• Exercise brief:
In the entries below, begin at the line that has "Наборы для специйНабор", stop after the line that has "De cara a abril, aunque", and output those lines exactly with no pictures.

(Provided records Opens)

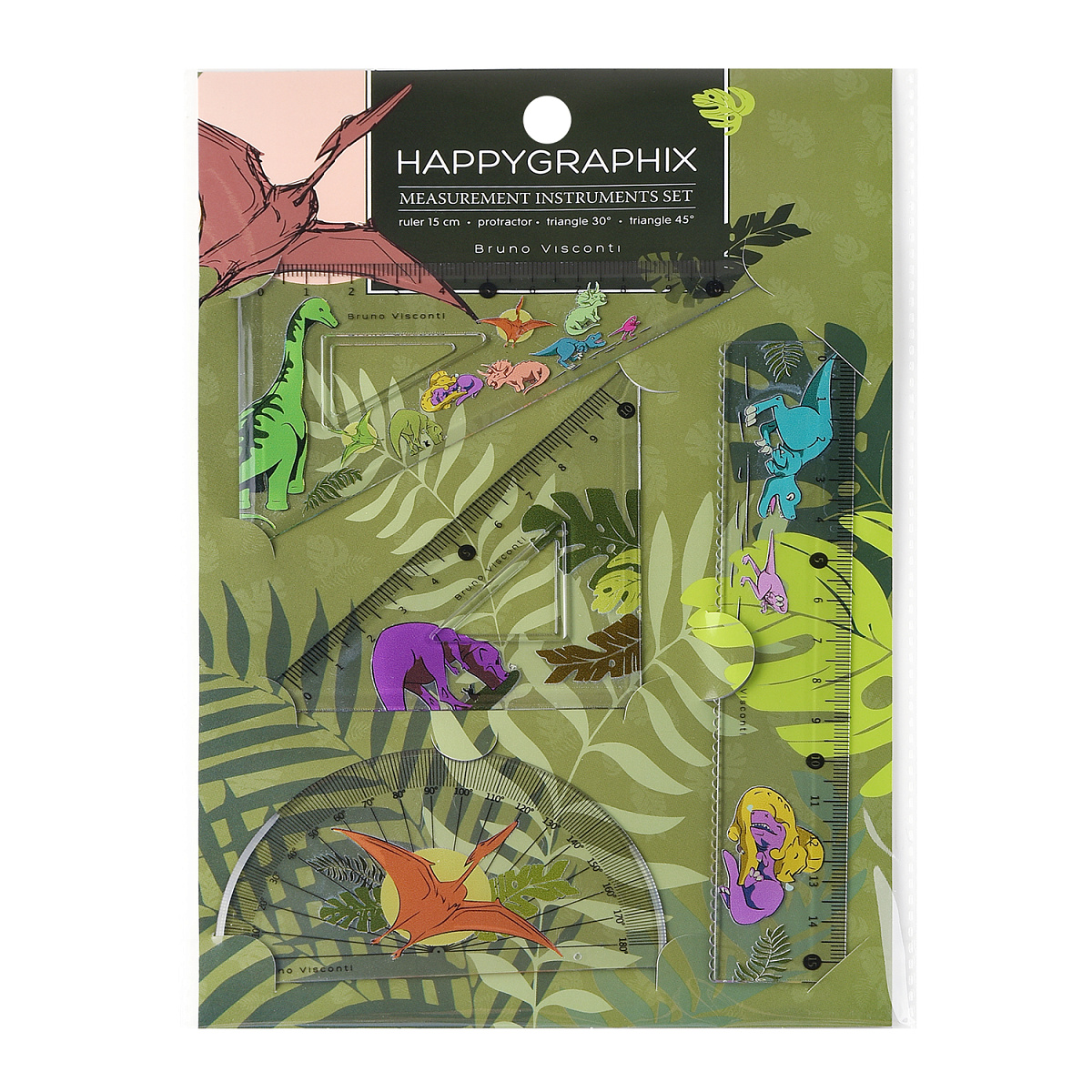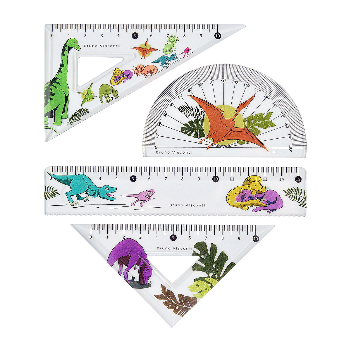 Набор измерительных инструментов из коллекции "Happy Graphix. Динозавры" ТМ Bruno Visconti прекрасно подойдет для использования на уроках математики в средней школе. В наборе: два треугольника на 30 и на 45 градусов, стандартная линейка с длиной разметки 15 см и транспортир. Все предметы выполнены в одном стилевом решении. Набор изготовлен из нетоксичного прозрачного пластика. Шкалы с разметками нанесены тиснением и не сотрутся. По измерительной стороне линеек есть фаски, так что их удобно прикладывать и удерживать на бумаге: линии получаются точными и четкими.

(Provided records Closes)
(Provided records Opens)

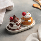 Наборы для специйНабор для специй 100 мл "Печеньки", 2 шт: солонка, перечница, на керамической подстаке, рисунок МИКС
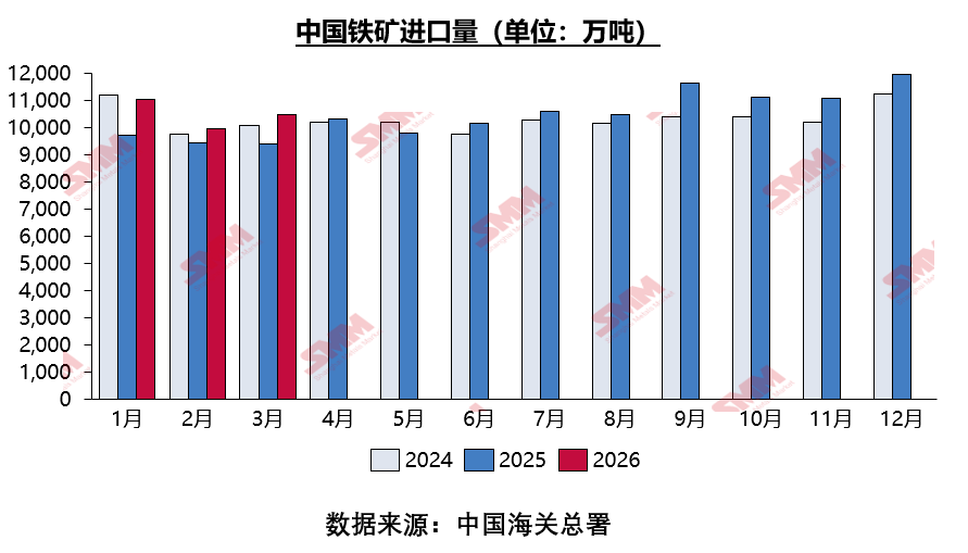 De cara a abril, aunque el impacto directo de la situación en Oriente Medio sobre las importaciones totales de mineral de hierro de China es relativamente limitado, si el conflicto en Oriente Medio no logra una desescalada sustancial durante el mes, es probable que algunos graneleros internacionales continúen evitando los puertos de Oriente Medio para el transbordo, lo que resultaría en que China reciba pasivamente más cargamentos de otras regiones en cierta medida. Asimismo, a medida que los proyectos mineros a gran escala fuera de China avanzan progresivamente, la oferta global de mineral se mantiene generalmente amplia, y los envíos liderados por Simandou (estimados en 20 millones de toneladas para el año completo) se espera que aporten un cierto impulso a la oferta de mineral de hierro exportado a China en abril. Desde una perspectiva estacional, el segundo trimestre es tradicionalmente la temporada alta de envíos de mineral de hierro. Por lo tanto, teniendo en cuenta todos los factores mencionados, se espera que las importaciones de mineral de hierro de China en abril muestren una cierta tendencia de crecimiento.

(Provided records Closes)

• Solution:
 Наборы для специйНабор для специй 100 мл "Печеньки", 2 шт: солонка, перечница, на керамической подстаке, рисунок МИКС
 De cara a abril, aunque el impacto directo de la situación en Oriente Medio sobre las importaciones totales de mineral de hierro de China es relativamente limitado, si el conflicto en Oriente Medio no logra una desescalada sustancial durante el mes, es probable que algunos graneleros internacionales continúen evitando los puertos de Oriente Medio para el transbordo, lo que resultaría en que China reciba pasivamente más cargamentos de otras regiones en cierta medida. Asimismo, a medida que los proyectos mineros a gran escala fuera de China avanzan progresivamente, la oferta global de mineral se mantiene generalmente amplia, y los envíos liderados por Simandou (estimados en 20 millones de toneladas para el año completo) se espera que aporten un cierto impulso a la oferta de mineral de hierro exportado a China en abril. Desde una perspectiva estacional, el segundo trimestre es tradicionalmente la temporada alta de envíos de mineral de hierro. Por lo tanto, teniendo en cuenta todos los factores mencionados, se espera que las importaciones de mineral de hierro de China en abril muestren una cierta tendencia de crecimiento.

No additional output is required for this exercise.